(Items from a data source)
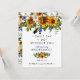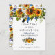 Featuring a classic white background that can be changed to any color, a rustic blue & sunflower floral display, feathers, and the sweet wedding wording "I can't say "I do" without you".
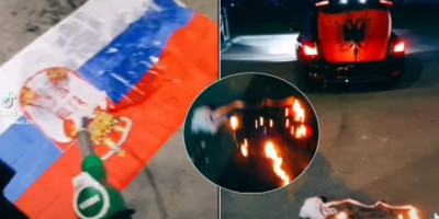 Navodno je sprska zastava uzeta sa jedne terase u Vranju, a nakon toga polivena benzinom sa pumpe, a potom i spaljena.
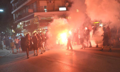 Με συνθήματα κατά του φασισμού, του ναζισμού και του ρατσισμού, αλλά και με βεγγαλικά στο ύψος της Ασκληπιού που ήταν...
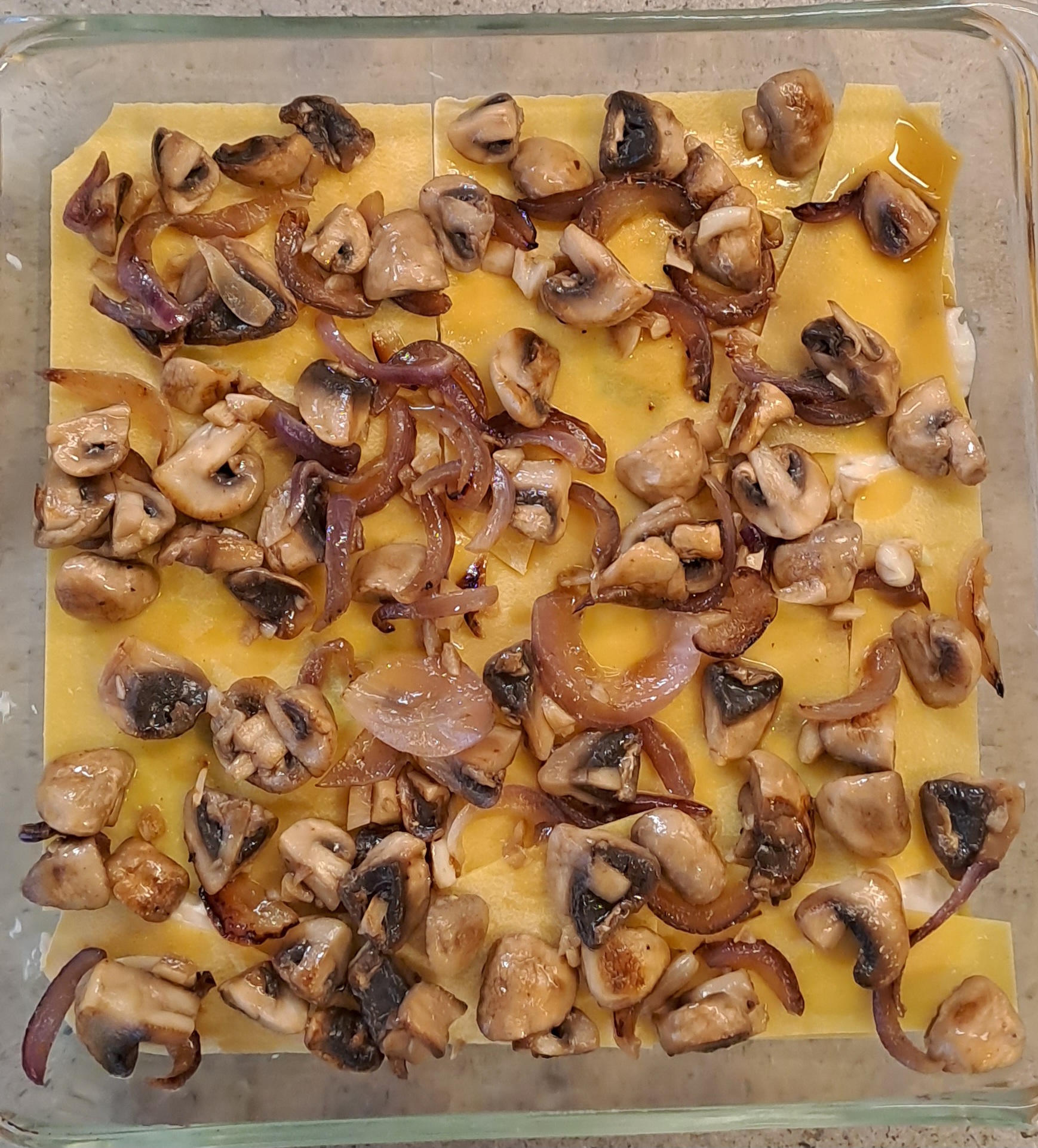 Spoon all of the mushrooms in one layer and add another layer of lasagne.
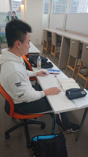 写真のK君(高2)は履修分の提出物は全て終了!スバらしい!残すは3月の試験のみ!
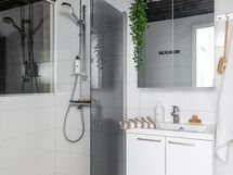 . Varustus: lattialämmitys, suihku, peilikaappi. Erillisen WC:n kuvaus: 2 erillis-wc:tä. Toinen wc uusittu 2018, toinen wc alkuperäinen, wc-istuin uusittu 2021. Toisessa peilikaappi, toisessa peili.
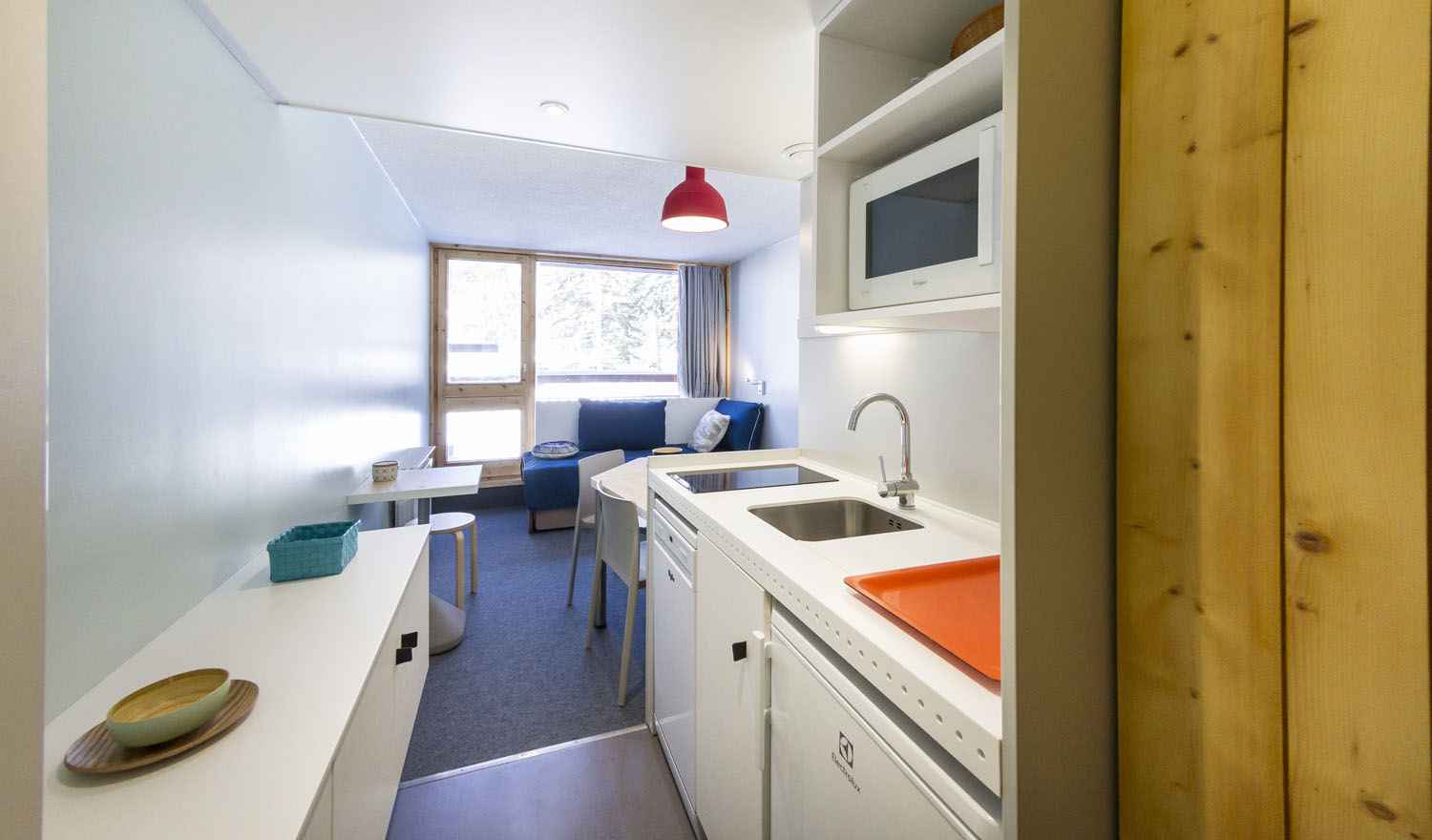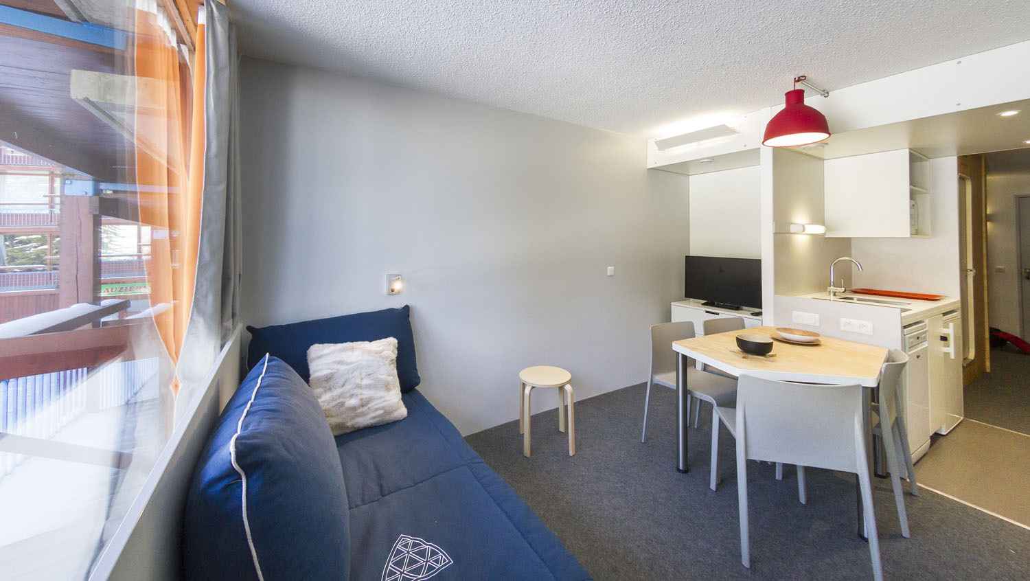 Studio coin montagne rénové de 25m² pour 4 personnes, orienté nord/est, au 7ème étage de la résidence belles challes du charvet, au pied des pistes et des commerces. avec balcon.

* Your assignment: The copy starts at the line holding "Spoon all of" and ends at the last line of the records above. Transcribe those lines exactly, pictures excluded.

* Output below:
 Spoon all of the mushrooms in one layer and add another layer of lasagne.
 写真のK君(高2)は履修分の提出物は全て終了!スバらしい!残すは3月の試験のみ!
 . Varustus: lattialämmitys, suihku, peilikaappi. Erillisen WC:n kuvaus: 2 erillis-wc:tä. Toinen wc uusittu 2018, toinen wc alkuperäinen, wc-istuin uusittu 2021. Toisessa peilikaappi, toisessa peili.
 Studio coin montagne rénové de 25m² pour 4 personnes, orienté nord/est, au 7ème étage de la résidence belles challes du charvet, au pied des pistes et des commerces. avec balcon.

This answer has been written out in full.